The Indonesian health ministry reported the campaign had reached 90 percent of children under 5 years old despite lingering concerns among both parents and medical workers about the safety of the vaccine.

“It was good but not great,” said David Hipgrave, chief of health and nutrition in Indonesia for the United Nations children’s fund, adding that coverage was uneven across the country. “The message is not getting out as well as it should.”

After Indonesia carried out a regional immunization drive earlier this year on the western end of Java island, local media reported the vaccine had sickened several children, killing four. Health officials stressed that the vaccine was completely safe, even for ill children, but many parents vowed to keep their youngsters from participating in last Tuesday’s nationwide drive.

Most parents who rebuffed vaccinators last week claimed their children were sick and thus unfit to be immunized. Ignoring the advice of international health experts, even some doctors declined to vaccinate children because they were unwell, according to U.N. officials.

With Indonesia now planning another nationwide drive in three weeks to provide booster vaccines and immunize those children who were missed last week, health officials said they would step up efforts to intensify training for medical workers and volunteers.

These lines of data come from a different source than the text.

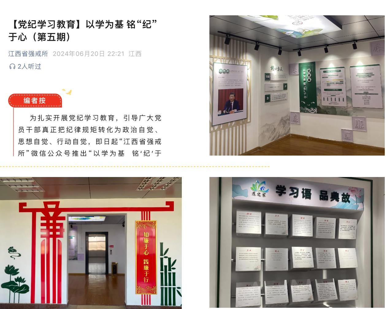 江西省強(qiáng)戒所把開(kāi)展黨紀(jì)學(xué)習(xí)教育作為重要政治任務(wù),緊盯學(xué)習(xí)重點(diǎn),拓展學(xué)習(xí)形式,注重學(xué)用結(jié)合。依托所微信公眾號(hào)、所內(nèi)網(wǎng)、LED顯示屏等媒介推送黨紀(jì)知識(shí),開(kāi)設(shè)“以學(xué)為基 銘‘紀(jì)’于心”、黨紀(jì)學(xué)習(xí)教育專欄等;綜合運(yùn)用圖文、音頻、視頻等形式,通過(guò)講、寫、學(xué)、測(cè)等方式展現(xiàn)學(xué)習(xí)教育成效,構(gòu)建全方位宣傳矩陣,營(yíng)造全員參與、人人學(xué)紀(jì)的濃厚氛圍。
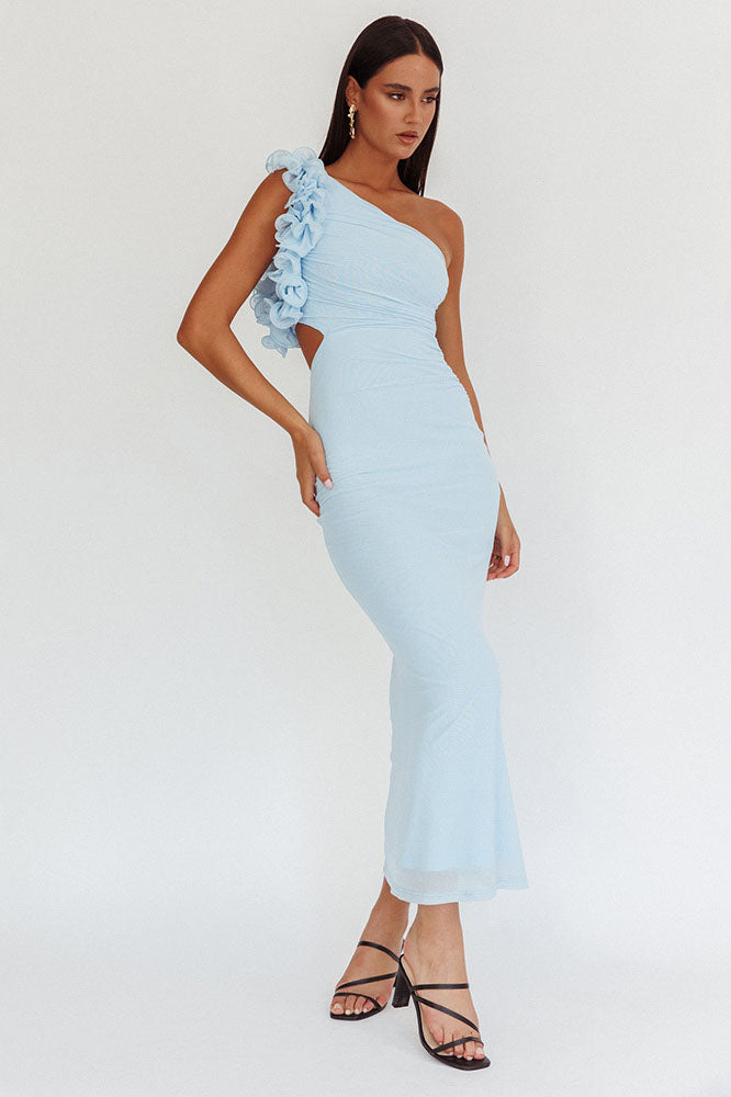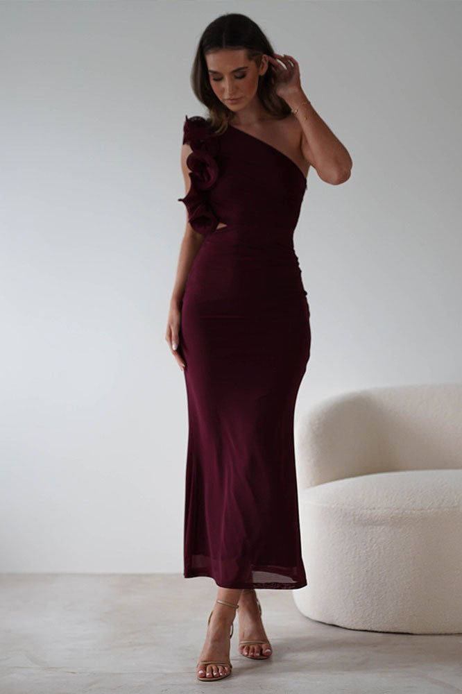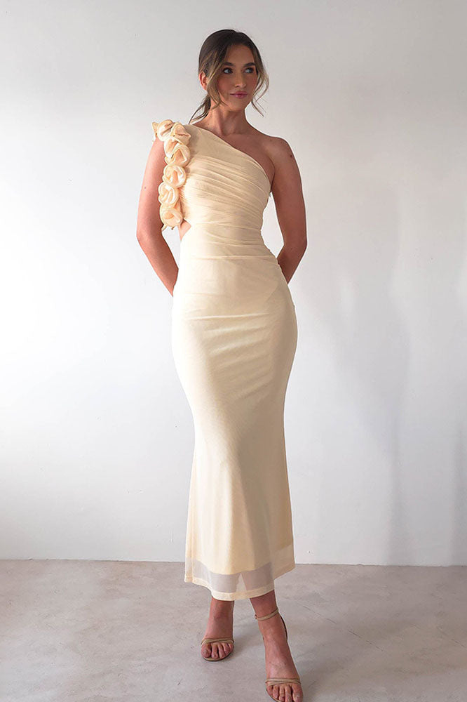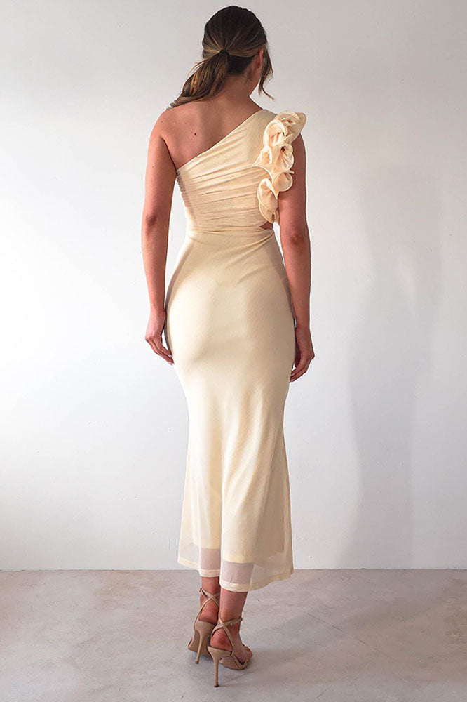 Statement Floral One-Shoulder Fitted Midi Dress
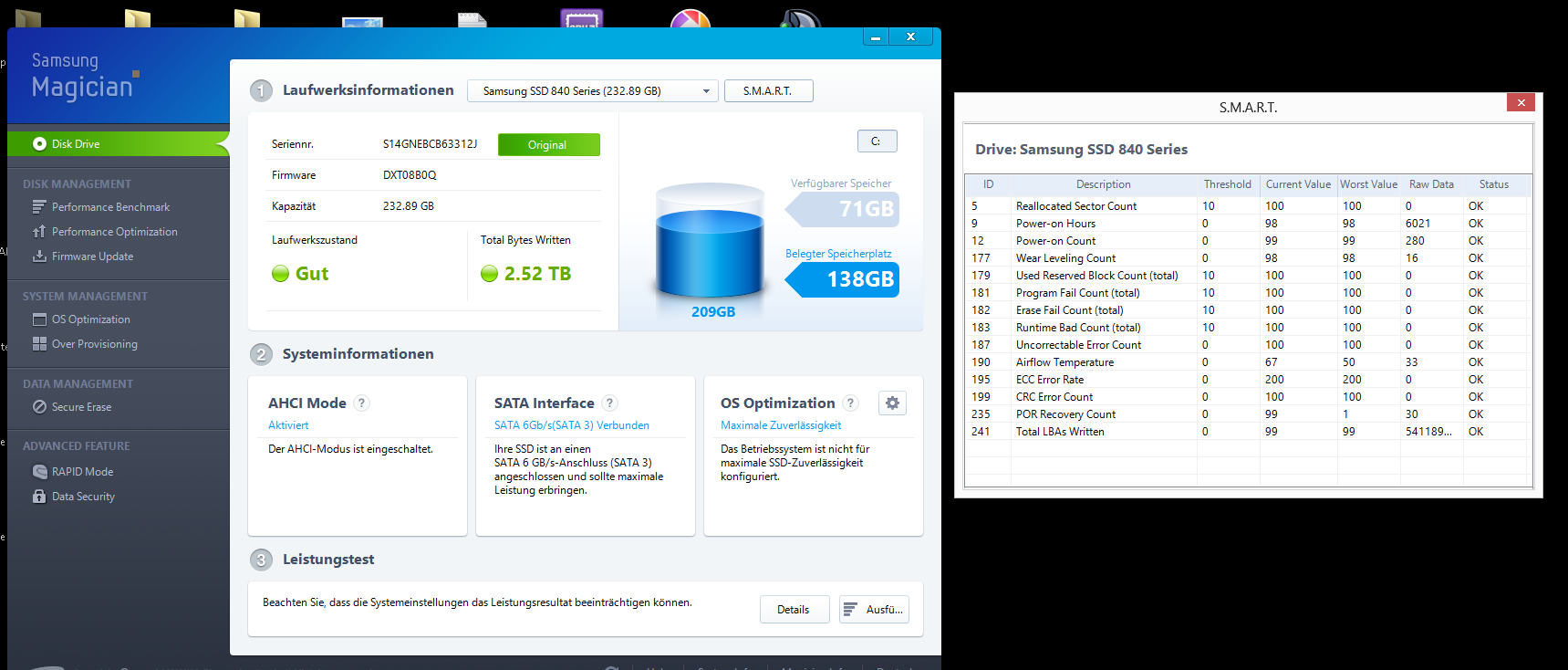 Wo stand mal "ausgezeichnet" und jetzt nur noch "gut"? Poste bitte mal den Screen von CrystalDiskInfo, ziehe aber bitte das Fenster soweit auf, dass alle Attribute und auch die Hex-Werte bzw. Rohwerte vollständig sichtbar sind. Dann sieht man, ob die gealtert ist, ein Problem vorliegt oder bei der Übersetzung eines Programms einfach jemand die Begriffe getauscht hat, weil "ausgezeichnet" zu lang war.lynx007 schrieb:wäre sowieso mein zweite habe eine samusung 840 nicht pro, und ich hatte halt immer wieder abstürze in win8 und auch scheint die platte sehr schnell zu altern obeohl ich kaum daten hin und her bewegt habe. von ursprünglich "ausgezeichnet" ist sie nur noch "gut",
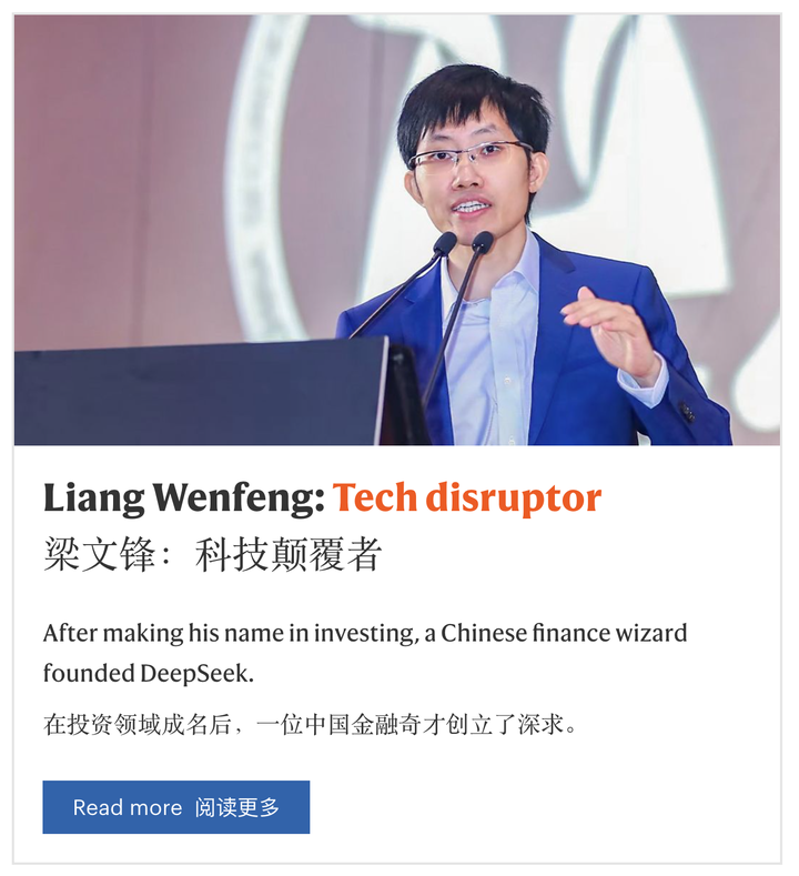 - DeepSeek 创始人梁文锋入选,《自然》对其评语是「在投资领域崭露头角之后,一位中国金融奇才创立了 DeepSeek。」

Indonesia had been free of polio for a decade when a traveler from the Middle East carried the virus to Java island early this year. Since March, Indonesia has recorded the highest rate of new cases in the world. The disease has infected at least 230 people, spreading from the mountains of western Java to the adjacent island of Sumatra and the capital, Jakarta.

According to health ministry figures, the results of the vaccination drive were disappointing in Banten, one of the hardest-hit provinces, where more than a fifth of the children under 5 were not immunized. Other provinces with outbreaks, including Jakarta, fared closer to the national average.

The campaign confronted not only widespread rumors about safety but the mammoth challenge of delivering the vaccine across the sprawling archipelago. Though thousands of health workers were dispatched, many by boat and aircraft, to reach remote settlements, vaccinators missed many children in these areas. For instance, on Irian Jaya, the impoverished, mountainous island at the far east of Indonesia, fewer than half the children were immunized, according to ministry figures.